NOTIZ ZU DEN ELIOT-TROTT-GESPRÄCHEN
GENF, DEZEMBER 1941
Mr. Eliot vom National Council of Student Christian Association [sic] traf Adam von Trott zu Solz zwischen dem 18. und 20. Dezember in Genf – zu einem Zeitpunkt wohlgemerkt, an dem er sich angeblich in Südamerika aufhielt – und führte insgesamt ein etwa zehnstündiges Gespräch mit ihm. Trott begann mit der Beschreibung seiner eigenen Einstellung. Er habe sich, sagte er, wohlüberlegt gegen das Exil entschieden und war vielmehr nach seinem Amerika-Besuch im Winter 1939 nach Deutschland zurückgekehrt, weil er glaubte, im Inneren des Reichs nützlichere Arbeit als außerhalb leisten zu können. Er selbst sei immer gegen die Nazis eingestellt gewesen, stelle aber nun fest, dass es in allen Bevölkerungsschichten eine wachsende Zahl von Menschen gebe, die ihn jetzt sozusagen einholten.

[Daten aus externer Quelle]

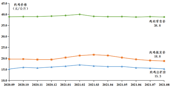 肉鸡价格下跌。终端市场受疫情影响,各酒楼餐饮对肉鸡的消费需求减少,加之猪价持续低位,肉鸡价格整体下跌。据省农业信息监测体系数据,本月我省肉鸡出栏价为15.3元/公斤,环比下降2.0%,同比增长17.9%;肉鸡市场批发价为18.8元/公斤,环比下降1.3%,同比下降2.2%;据地市“菜篮子”价格数据,白条鸡零售价为38.8元/公斤,环比下降0.4%,同比下降1.4%。据基点县监测数据,我省博罗、惠阳和台山等县区肉鸡市场零售价分别为44.0元/公斤、33.0元/公斤和41.0元/公斤。
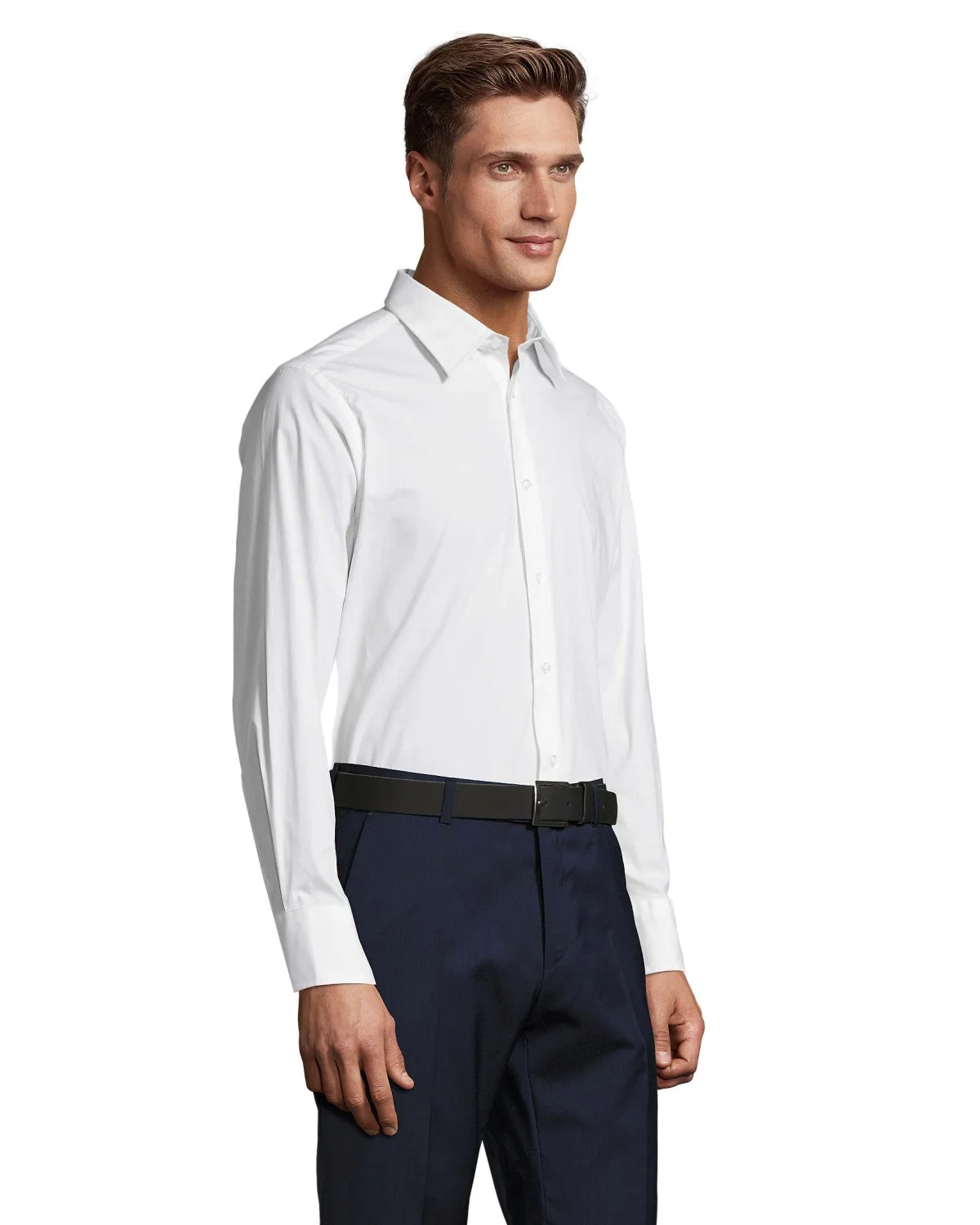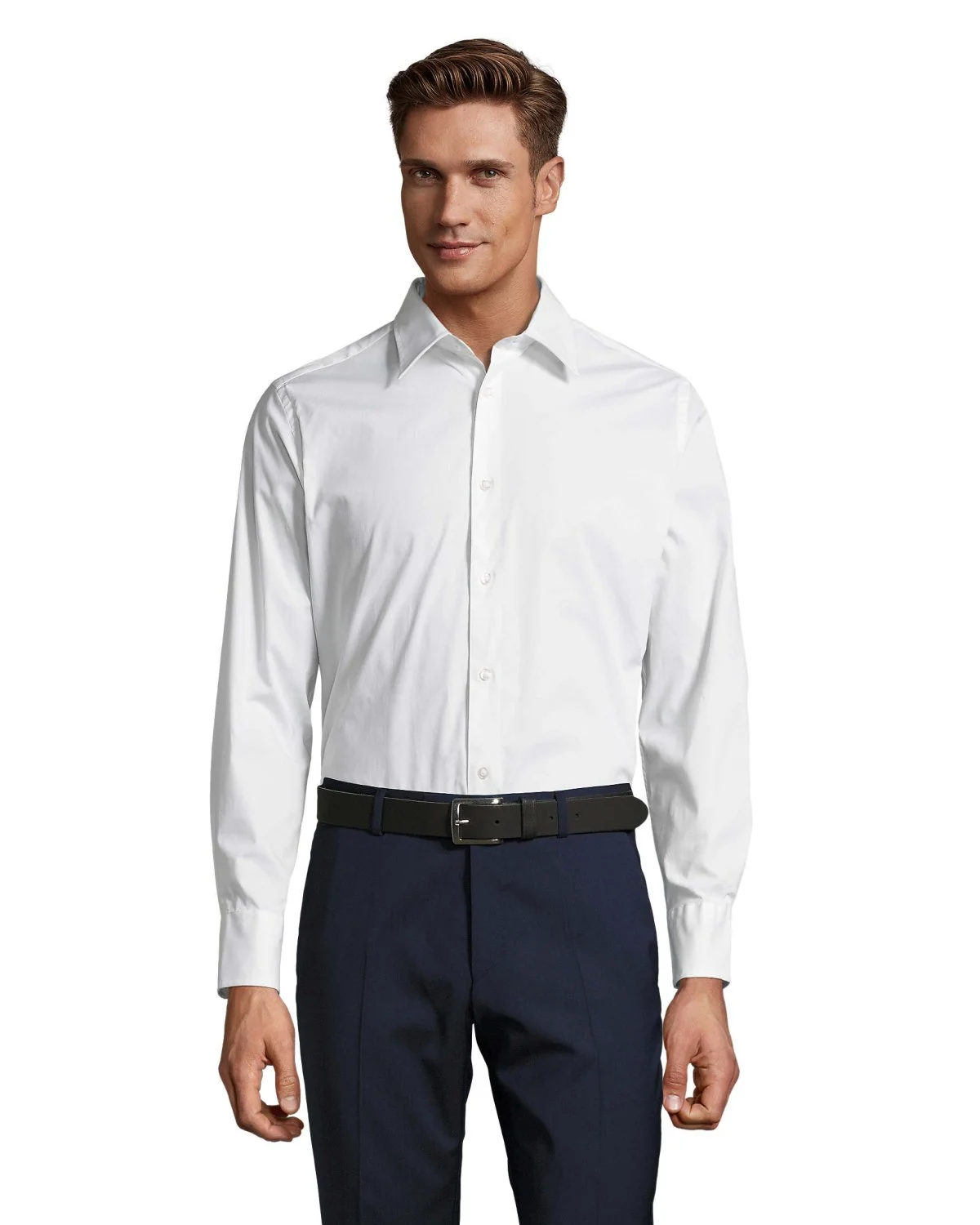 SOL'S BRIGHTON, chemise homme stretch manches longues, 97% coton - 3% élasthanne popeline stretch 140, coupe ajustée, manches longues, col à bouton unique, poignets 2 boutons et patte capucin, patte avec 7 boutons ton sur ton. Pour la correspondance des tailles, veuillez vous référer au size chart dans la documentation produit.

Diese Widerstandsbewegung sei zwar unorganisiert, werde aber von einem unwiderstehlichen aus zwei Motiven gespeisten Gefühlsimpuls getragen.

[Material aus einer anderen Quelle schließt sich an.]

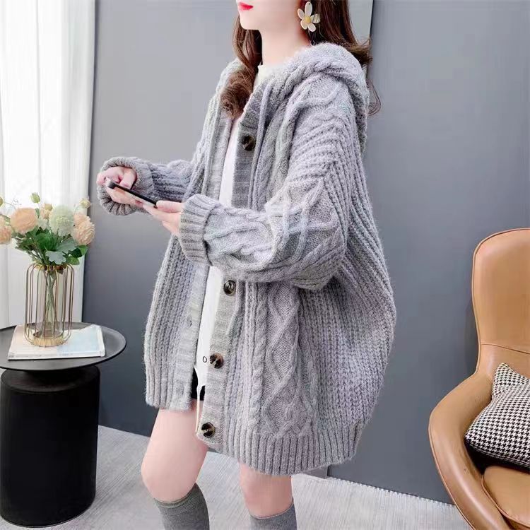 怠惰な風の復古的な厚手のフード付きセーターのカーディガン女性秋冬2024年の新型のゆったりした中長のニットコート
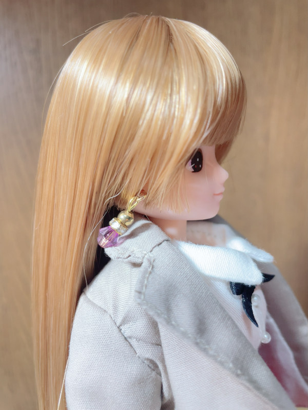 ずっと稚拙な自作のウイッグを着用させていたのが大変申し訳なかったため、ネットでドールウィッグを探して購入したのが今日届いたので、早速着けてもらいました!

1. Die wachsende Erkenntnis der Misere, in welche die Menschen durch ihre frühere Tolerierung des Nationalsozialismus geraten seien.
2. Eine tief sitzende Angst vor dem Bolschewismus außerhalb und dem Kommunismus innerhalb des Landes.
Die Bewegung existiere in allen Bevölkerungsgruppen, insbesondere aber in Kreisen der Kirche, der Arbeiterbewegung und der Wehrmacht. Kirchenleute hätten sich wesentlich kritischer zum Regime geäußert (z.B. Graf Galens Predigten sowie die Vorsprache von Kardinal Faulhaber und des Lutheranischen Bischofs von Stuttgart in der Reichskanzlei im Dezember, um gegen die Plünderungen der Gestapo zu protestieren). In Vorbereitung auf den Sturz der Nazis und den künftigen Frieden werde zugleich eine Philosophie der Ordnung und des Verantwortungsbewusstseins gepredigt.
Die Arbeiterbewegung erkenne zunehmend, dass man sich vom Nationalsozialismus in die Irre habe leiten lassen, und suche Beistand bei der Kirche, nicht so sehr in religiösen Fragen als aus Bewunderung für die von manchen ihrer Führer eingenommenen Haltung heraus. Wenn eine Person nazifeindliche Ansichten vertritt, werde angeblich in Kreisen der Arbeiterbewegung häufig die Frage gestellt: „Ist er ein Mitglied der ‚Bekennenden Kirche’?“
Trotzdem sei es eher die Wehrmacht, betonte Trott, an die sich die Bewegung bei der Suche nach echter Führung wende. Trott wollte keine Namen nennen, deutete aber an, dass es sowohl im Feld als auch im Generalstab gewisse Generäle und höhere Wehrmachtsangehörige gebe, auf die man sich gegebenenfalls verlassen könne. Er nannte auch einige Beispiele für Unzufriedenheit in der Armee als ganzer (z.B. den Mölders-Vorfall und die Weigerung mancher Kommandos an der Ostfront, Befehle von großer Grausamkeit gegen russische Kriegsgefangene auszuführen). Zunehmend habe man das Gefühl, dass die Wehrmacht in der Partei ein Frankensteinmonster geschaffen habe, das ihr über den Kopf gewachsen und nun durch eigene grobe Fehler dabei sei, sich selbst und die Wehrmacht vollends in die Katastrophe zu stürzen. Insbesondere das Bündnis mit Japan werde, so Trott, in der Wehrmacht als unnatürlich angesehen und abgelehnt. Wie in den Reihen der Arbeiterbewegung gebe es eine wachsende Hochachtung für die Kirche und die christlichen Grundwerte. Vervielfältigte Kopien von Robert Patons „The Church and the Post-War World“ waren in Norwegen an die deutschen Truppen verteilt worden. (Es hieß übrigens, dieses Buch hätte in Deutschland verbotenerweise eine weite Verbreitung gehabt, insbesondere in den Reihen der Wehrmacht.)